The script is pretty long, so I'll only paste the most relevant part of the code related to the aspect extraction here:

def write_annotations_aspectcategory(allAnnotationsDict, annotatornames, outfilefolder):
	allaspectsdict = get_all_aspects(allAnnotationsDict)
	aspecttermslist =[]
	'''
	Gets, for every unique aspect (allaspectslist), its subcategory given by each annotator
	'''
	with open(os.path.join(outfilefolder,'annotations_aspectcategory.csv'), 'w') as csvfile:
		outfilewriter = csv.writer(csvfile, delimiter='\t', quotechar='|', quoting=csv.QUOTE_MINIMAL)
		outfilewriter.writerow(['Document', 'Aspect'] + [a for a in annotatornames] + ['Sentence'])
		for documentname, annotatordict in allAnnotationsDict.items():
			#Get a list of all aspects per document, consider the first annotator in the dict, as the aspects are the same for each annotator.
			allaspects = allaspectsdict[documentname][annotatornames[0]]
			allaspectstrings = ['+'.join(x.aspecttext) for x in allaspects] #Aspects can be stored as lists of two non-consecutive spans
			allaspectsentences = [x.sentence for x in allaspects]
			# allaspectsentenceswithoutaspect = [x.sentencewithoutaspect for x in allaspects]
			seen = []
			for aspectText, aspectSent in zip(allaspectstrings, allaspectsentences):
				aspecttermslist.append(aspectText)
				rowelements = [] #Rowelements will be written to output file
				rowelements.append(documentname)
				rowelements.append(aspectText) #rowelements.append(aspectText.replace('\xad', ''))
				for a in annotatornames:
					cat = []
					aspectobjectslist = allaspectsdict[documentname][a]
					for aspobj in aspectobjectslist:
						found = False
						if '+'.join(aspobj.aspecttext) == aspectText and aspobj.sentence == aspectSent:
							if aspobj.category == None:
								cat.append('None')
							else:
								cat.append(aspobj.category)
							found = True
						else:
							continue
						if not found:
							print('Warning: aspect\t{0}\t{1}\tfrom annotator {2} not found in allaspectslist.'.format(aspobj.aspecttext, documentname, a))
							warnings.append('Write annotations for aspect polarities: aspect\t{0}\t{1}\tfrom annotator {2} not found in allaspectslist.'.format(aspobj.aspecttext, documentname, a))
					if len(cat) > 1 and 'None' in cat: #Aspect polarity can be 'None' if the Aspect is part of a linked aspect span and its polarity was added to the other part
						indx_none = pol.index('None') #Remove 'None' polarities
						cat.pop(indx_none)
					rowelements.append(','.join(list(set(cat))))
				rowelements.append(aspectSent) #rowelements.append(aspectSent.replace('\xad', ''))
				# rowelements.append(tuple([x.replace('\xad', '') for x in aspectSentWith]))
				if not (aspectText,aspectSent) in seen: #Discard 100% duplicates (i.e. aspects that are annotated twice in the sentence)
					outfilewriter.writerow(rowelements)
				seen.append((aspectText,aspectSent))
	with open(os.path.join(outfilefolder, 'aspectTerms.txt'), 'w', encoding = 'utf-8') as f:
		for el in aspecttermslist:
			f.write(el + '\n')

This appears to be the part which specifically removes the duplicates:

				if not (aspectText,aspectSent) in seen: #Discard 100% duplicates (i.e. aspects that are annotated twice in the sentence)
					outfilewriter.writerow(rowelements)
				seen.append((aspectText,aspectSent))

To make it a bit more concrete (and offer a way to check), for the xmi-file I've included, the script only extracts 13 aspects with this label "CONTENDER_General", but there are supposed to be 53. Completely removing the duplicates filter is not a solution, because I've noticed that there are actual duplicates as well and I cannot filter them out because it's impossible to discern which one is truly repeated or is an actual duplicate. It would mean a lot if someone would be willing to help!

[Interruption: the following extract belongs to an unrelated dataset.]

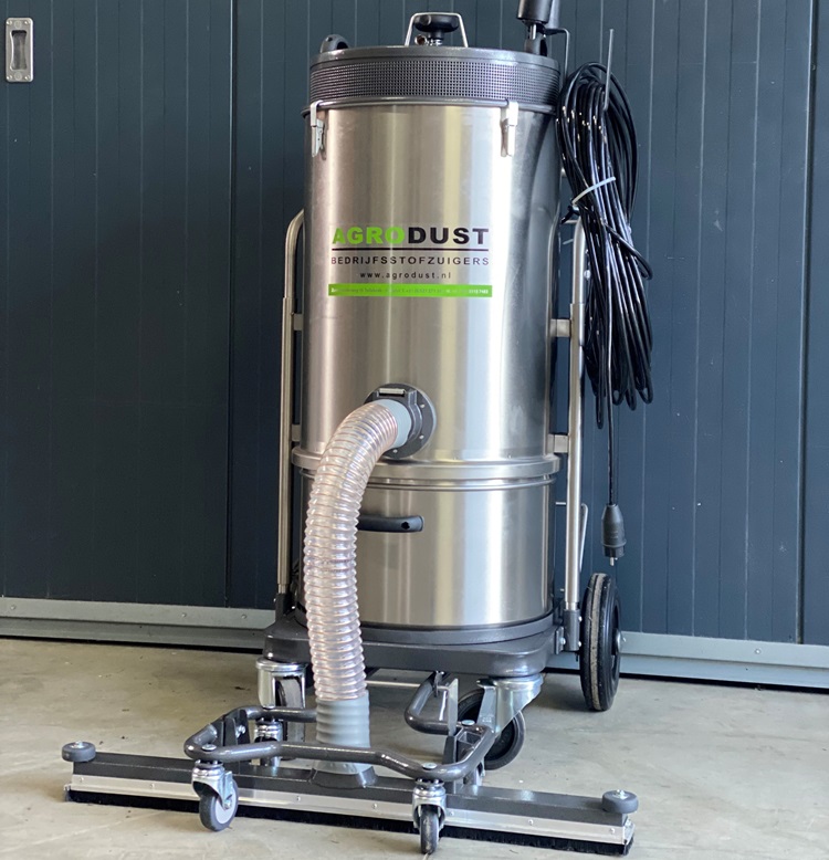 Het belang van een stofvrije werkomgeving is dus erg belangrijk. Daar biedt Agrodust een oplossing voor. “Een bedrijfsstofzuiger heeft een ander filtermechanisme dan huis-tuin-en-keuken stofzuigers”, vertelt Schuringa. “Ook zijn de motoren krachtiger. Dit maakt het geschikt om grote hoeveelheden stof en vuil te verwijderen in bijvoorbeeld schuren en werkplaatsen.” De stofzuiger zuigt het vuil op met een vast vloermondstuk. Deze zuigmond is hefbaar, zodat grover vuil ook kan worden verwijderd. Via drie krachtige zuigmotoren gaat het stof naar een filter, dat 99,99 procent gecoat is. Deze gladde laag in combinatie met een mechanische filterklopper zorgt ervoor dat vrijwel al het stof naar beneden valt in een uitneembare vuilcontainer.

If you take a look at the xmi-file, it shows that each aspect has a unique ID as well as beginning and end-positition:

    <custom:Aspects xmi:id="55041" sofa="1" begin="1" end="8" FeatureCategory="CONTENDER_General"/>
    <custom:Aspects xmi:id="58618" sofa="1" begin="38" end="54" FeatureCategory="ONSITE-AUDIENCE_General"/>
    <custom:Aspects xmi:id="55046" sofa="1" begin="90" end="93" FeatureCategory="CONTENDER_General"/>
    <custom:Aspects xmi:id="55051" sofa="1" begin="102" end="109" FeatureCategory="CONTENDER_General"/>

In theory it should thus be possible to let it only dismiss only those doubles which also share either the same ID or the same span. However, I do not have the coding skill (I'm already happy if I understand what a sript does) and it seems to be too complicated for ChatGPT (it was able to help me remove the duplicate filter entirely, but that did not solve the problem).

In order to run the script on the file, they all need to be saved in the same folder with the xmi-file in a subfolder named "annotation" and then another subfolder within this ending in "_xmi" with the xmi-file in it (apologies for this, the forum won't let me simply upload the ready to use folder). Create another subfolder for the output ("OUTPUT"). Then run this command in the main folder in Powershell:

python parsexml_may2021_cvh3.py annotation/ lore no OUTPUT

I would be very grateful if someone would be willing to take a look and help, thank you in advance!

PS: apparently I cannot add a xmi-file and it is too long to include here (ca. 5000 lines) or to upload as a csv. iNot sure how to solve this problem. My apologies for the inconvenience!

Edit: added an attachment

**deanhystad** · (This post was last modified: Jul-14-2023, 04:20 PM by deanhystad.)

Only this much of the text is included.